So for the commit action, RM only needs to delete the undo_log corresponding to xid and branchId.

Transaction Rollback

There are two scenarios for triggering rollback:

  1. Branch transaction processing exception, that is the case of report(false) in the ConnectionProxy
  2. TM catches the exceptions thrown from the downstream system, that is the exception caught by the method marked with the @GlobalTransactional annotation in the initiated global transaction. In the previous template method execute of the TransactionalTemplate, the call to business.execute() was caught. After the catch, it will call rollback, and TM will notify TC that the corresponding XID needs to roll back the transaction.
public void rollback() throws TransactionException {
// Only the Launcher can initiate this rollback
if (role == GlobalTransactionRole.Participant) {
// Participant has no responsibility of committing
if (LOGGER.isDebugEnabled()) {
LOGGER.debug("Ignore Rollback(): just involved in global transaction [" + xid + "]");
}
return;
}
if (xid == null) {
throw new IllegalStateException();
}
status = transactionManager.rollback(xid);
if (RootContext.getXID() != null) {
if (xid.equals(RootContext.getXID())) {
RootContext.unbind();
}
}
}

TC summarizes and sends rollback instructions to the participants.

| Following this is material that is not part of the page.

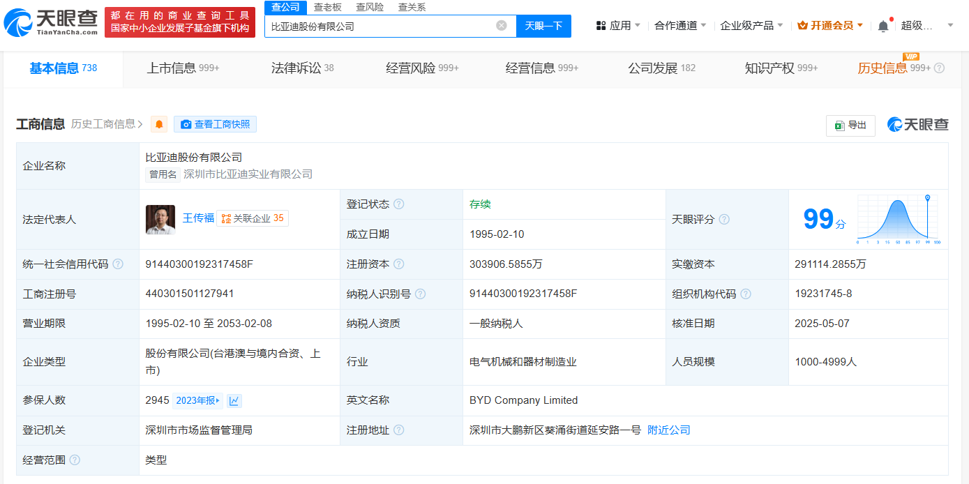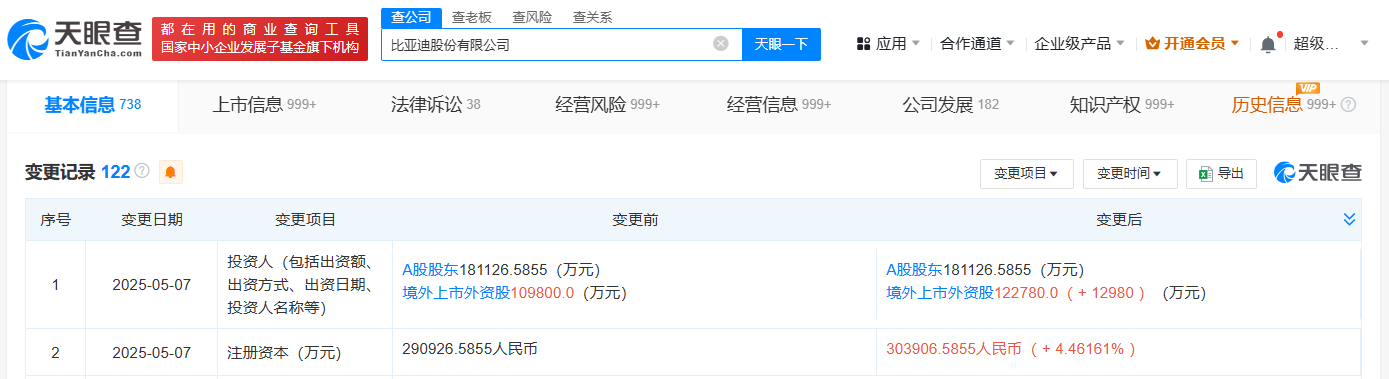 天眼查App显示,近日,比亚迪股份有限公司发生工商变更,注册资本由约29.09亿人民币增至约30.39亿人民币。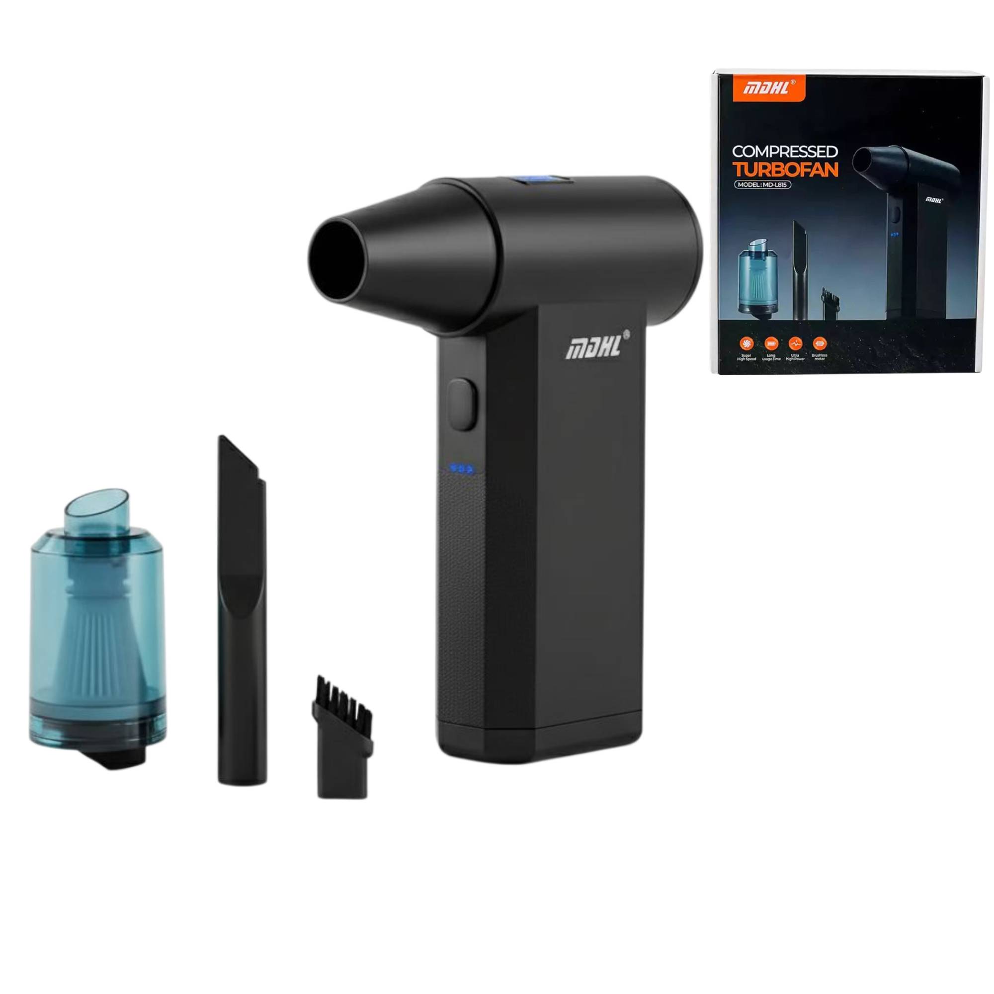 2-in-1 design combines a powerful air blower and a mini vacuum cleaner

RM receives the rollback notice in the doBranchRollback method of the AbstractRMHandler class.

protected void doBranchRollback(BranchRollbackRequest request, BranchRollbackResponse response) throws TransactionException {
String xid = request.getXid();
long branchId = request.getBranchId();
String resourceId = request.getResourceId();
String applicationData = request.getApplicationData();
LOGGER.info("Branch rolling back: " + xid + " " + branchId + " " + resourceId);
BranchStatus status = getResourceManager().branchRollback(request.getBranchType(), xid, branchId, resourceId, applicationData);
response.setBranchStatus(status);
LOGGER.info("Branch rollback result: " + status);
}

Then the rollback request is passed to the branchRollback method of the DataSourceManager class.

public BranchStatus branchRollback(BranchType branchType, String xid, long branchId, String resourceId, String applicationData) throws TransactionException {
// Get the corresponding data source based on resourceId
DataSourceProxy dataSourceProxy = get(resourceId);
if (dataSourceProxy == null) {
throw new ShouldNeverHappenException();
}
try {
UndoLogManager.undo(dataSourceProxy, xid, branchId);
} catch (TransactionException te) {
if (te.getCode() == TransactionExceptionCode.BranchRollbackFailed_Unretriable) {
return BranchStatus.PhaseTwo_RollbackFailed_Unretryable;
} else {
return BranchStatus.PhaseTwo_RollbackFailed_Retryable;
}
}
return BranchStatus.PhaseTwo_Rollbacked;
}

Ultimately, the undo method of the UndoLogManager is executed. Since it is pure JDBC operation, the code is relatively long and will not be posted here. You can view the source code on GitHub via the link. Briefly describe the undo process:

  1. Find the undo_log submitted in the PhaseOne stage based on xid and branchId.
  2. If found, generate the playback SQL based on the data recorded in the undo_log and execute it, that is, restore the data modified in the PhaseOne stage.
  3. After step 2 is completed, delete the corresponding undo_log data.
  4. If no corresponding undo_log is found in step 1, insert a new undo_log with the status GlobalFinished. The reason it is not found may be that the local transaction in the PhaseOne stage encountered an exception, resulting in no normal write-in. Because xid and branchId are unique indexes, the insertion in step 4 can prevent successful write-in after recovery in the PhaseOne stage. In this way, the business data will not be successfully submitted, achieving the effect of final rollback.

Summary

Combining distributed business scenarios with local, this article analyzes the main processing flow of the fescar client side and analyzes the main source code for the TM and RM roles, hoping to help you understand the working principles of fescar. With the rapid iteration of fescar and the planning of future Roadmaps, it is believed that fescar can become a benchmark solution for open-source distributed transactions in time.